The harvesters brave dizzying heights to pluck the hardiest seed cones from the whirling branches. The lime-green prickly seed cones are then shipped to Costa Farms south of Miami, where horticultural experts plant them, using 6-8 seeds per pot to assure consistently superior pines for perfect holiday decorating.
The soft and compact needles, strong branches, and naturally symmetrical shape of the Norfolk Island Pine make it the ideal holiday tree. It can handle homemade ornaments and keepsakes, and provide endless decorating and gift-giving options.

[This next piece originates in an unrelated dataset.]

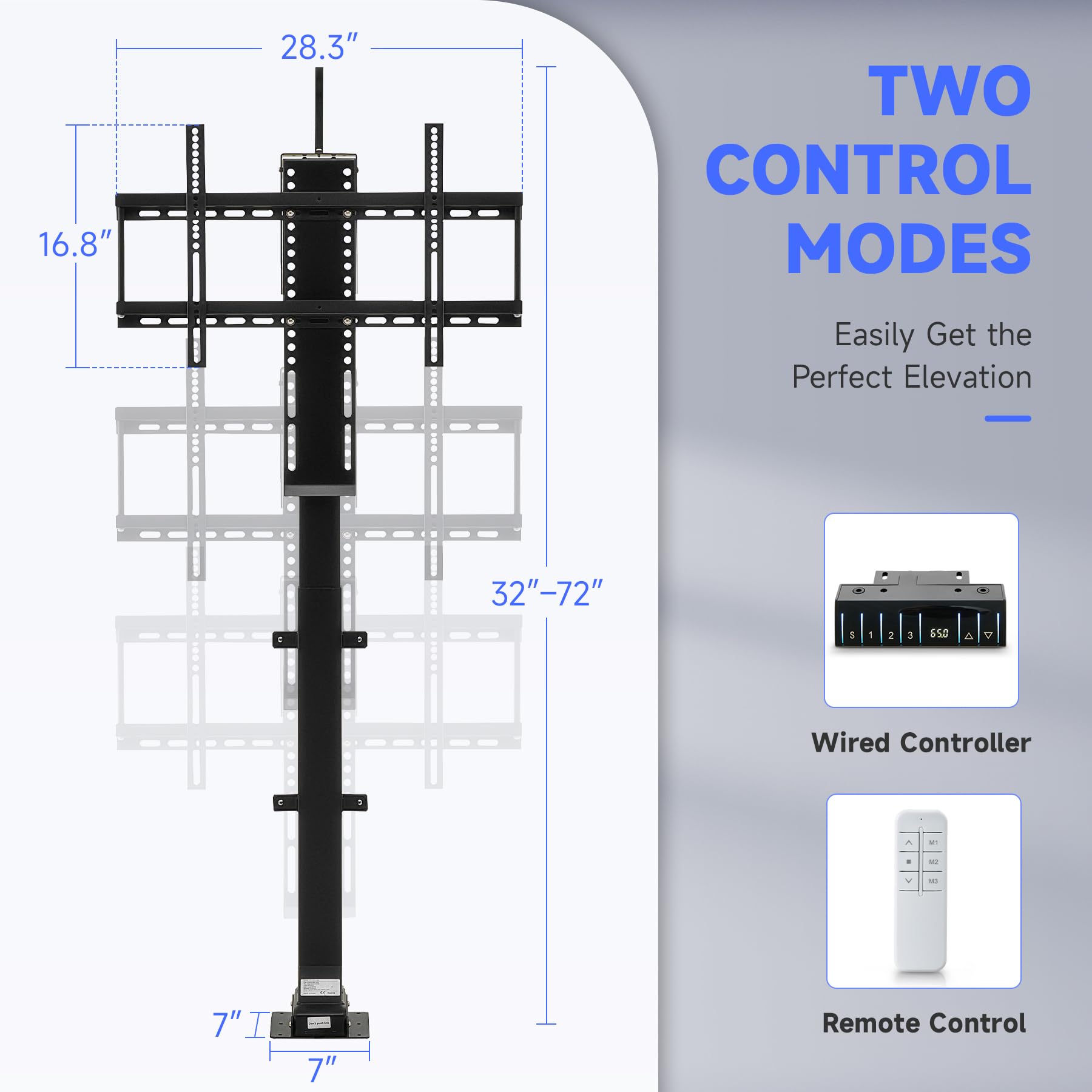 -SUPERIOR HEIGHT RANGE: Our TV bracket quickly rises to heights from 32" to 72" at 1 inch per second, so that you can always find the perfect angle from anywhere in your bedroom, living room, or other space.

According to Ethne Clarke of Traditional Home magazine, “Miniature evergreens are the trend in home décor, particularly with live trees like the Norfolk Island pine. These miniature versions are elegant in a lovely container on the mantle, or decorated in the children’s room for fun.”
Caring for your Norfolk Island Pine:
· They grow best indoors in a sunny location and prefer to be near a window but away from direct heat. Avoid direct intense sunlight.
· Indoors they flourish in 50 percent humidity so consider running a humidifier or sit them in a tray of pebbles, watering the pebbles during winter months.
· Keep the soil moist but don’t let it dry out or stand in water.
· If you live where the temperature stays above 60 degrees . (15 C), (such as USDA Zones 9-10), your Norfolk Island Pine can be planted in the landscape.
· As a houseplant, the Norfolk Island Pine naturally filters the air from indoor toxins and provides much needed moisture during the dry winter months.
Select from 14-to-44 inch tall trees, fully decorated or ready for your finishing touch, available at neighborhood retailers.
A final note from Judy: If your Norfolk Island pine grows too large, never, ever cut off the top or the tips of the branches! They get all misshapen.
Also, if needles fall, it's usually from overwatering, underwatering, or too little light.